AVAILABLE RECORDS:
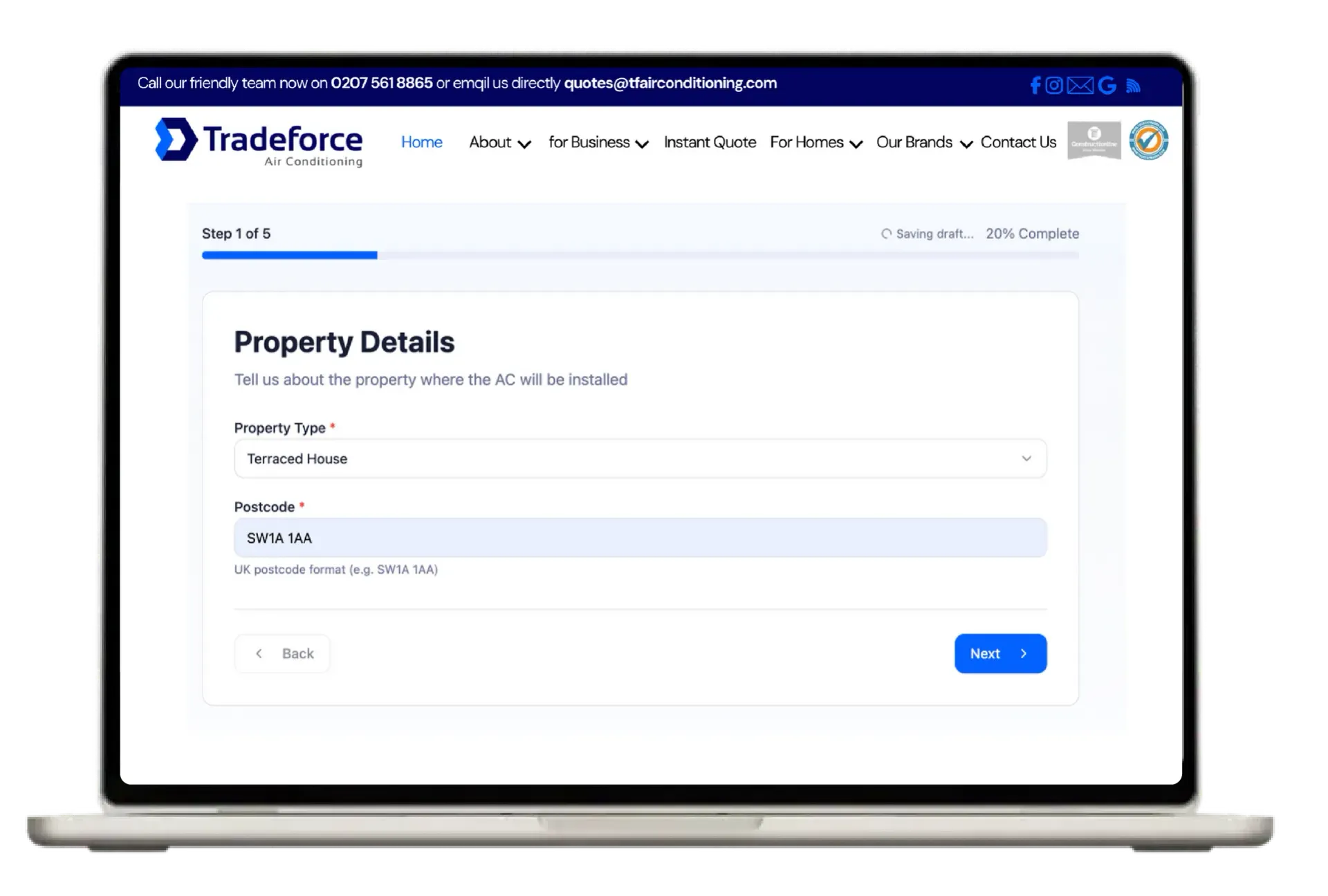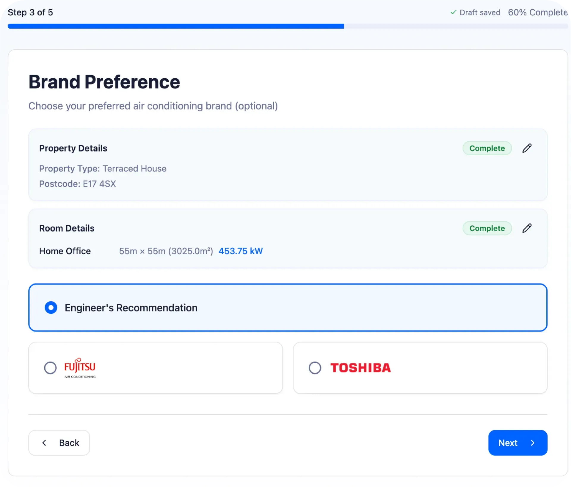 Quotestack helps Air Conditioning engineers generate accurate, professional quotes faster by guiding customers through a structured quote request, auto-sizing requirements, selecting equipment from your uploaded catalogues, and producing a branded quote output.
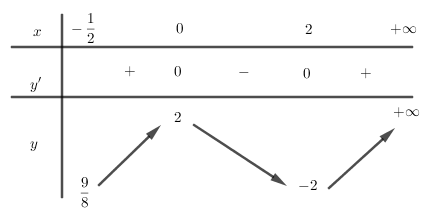Xét hàm $y = {x^3} - 3{x^2} + 2$ trên khoảng \(\left( { - \dfrac{1}{2}; + \infty } \right)\) có \(y' = 3{x^2} - 6x = 0 \Leftrightarrow \left[ \begin{array}{l}x = 0\left( {TM} \right)\\x = 2\left( {TM} \right)\end{array} \right.\)
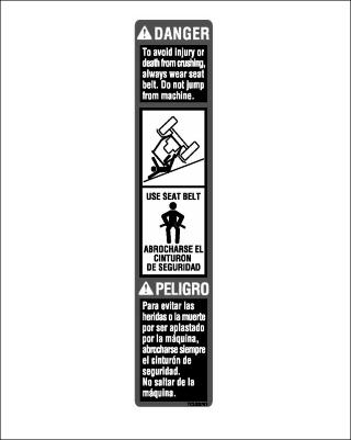 • To avoid injury from crushing, always wear seat belt. Do not jump from machine.
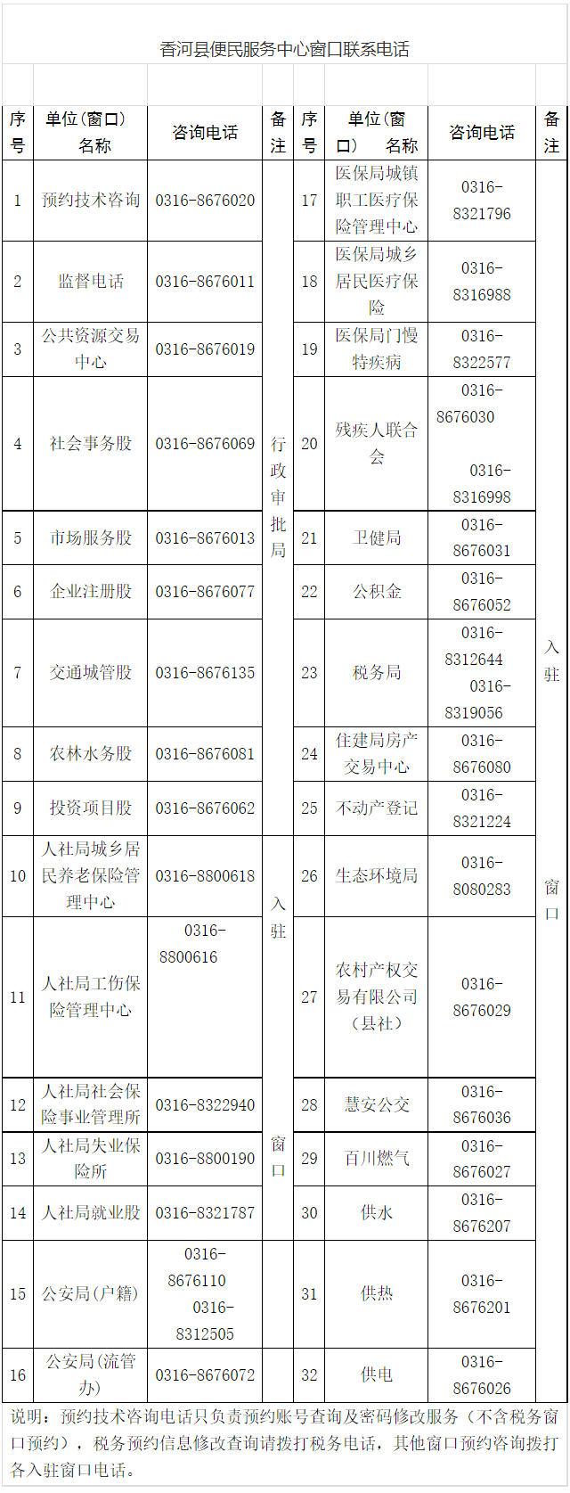 香河縣便民服務(wù)中心辦事大廳窗口聯(lián)系電話;預(yù)約技術(shù)咨詢電話:0316-8676020;企業(yè)注冊(cè)股咨詢電話:0316-8676077
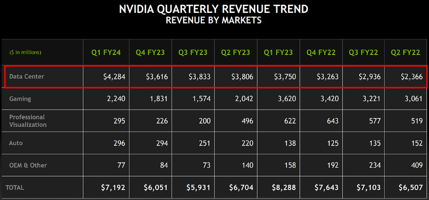 엔비디아의 GPU 그래픽처리장치는 AI학습의 필수 반도체로 여겨지고 있으며, 엔비디아는 전 세계 GPU 시장의 90% 이상을 차지하고 있으며, 엔비디아는 대형고객인 애플, 마이크로소프트, 구글, 테슬라, 아마존 등의 인터넷 기업과 클라우드 서비스 제공업체의 수요가 많으며, 이 고객사들은 생성형 AI 및 대규모 언어 모델 구동을 위해 엔비디아의 그래픽 칩을 탑재하고 있습니다. 엔비디아의 잰슨 황 CEO는 우리는 급증하는 데이터센터 칩 수요를 충족하기 위해 공급을 크게 늘리고 있다고 주장하였습니다.

WHAT IS EXPECTED: Everything from the line with "jump from machine." down to the line with "香河縣便民服務(wù)中心辦" in the data above should be copied exactly, with both end lines kept and the pictures left out.

RESPONSE AREA:
 • To avoid injury from crushing, always wear seat belt. Do not jump from machine.
 香河縣便民服務(wù)中心辦事大廳窗口聯(lián)系電話;預(yù)約技術(shù)咨詢電話:0316-8676020;企業(yè)注冊(cè)股咨詢電話:0316-8676077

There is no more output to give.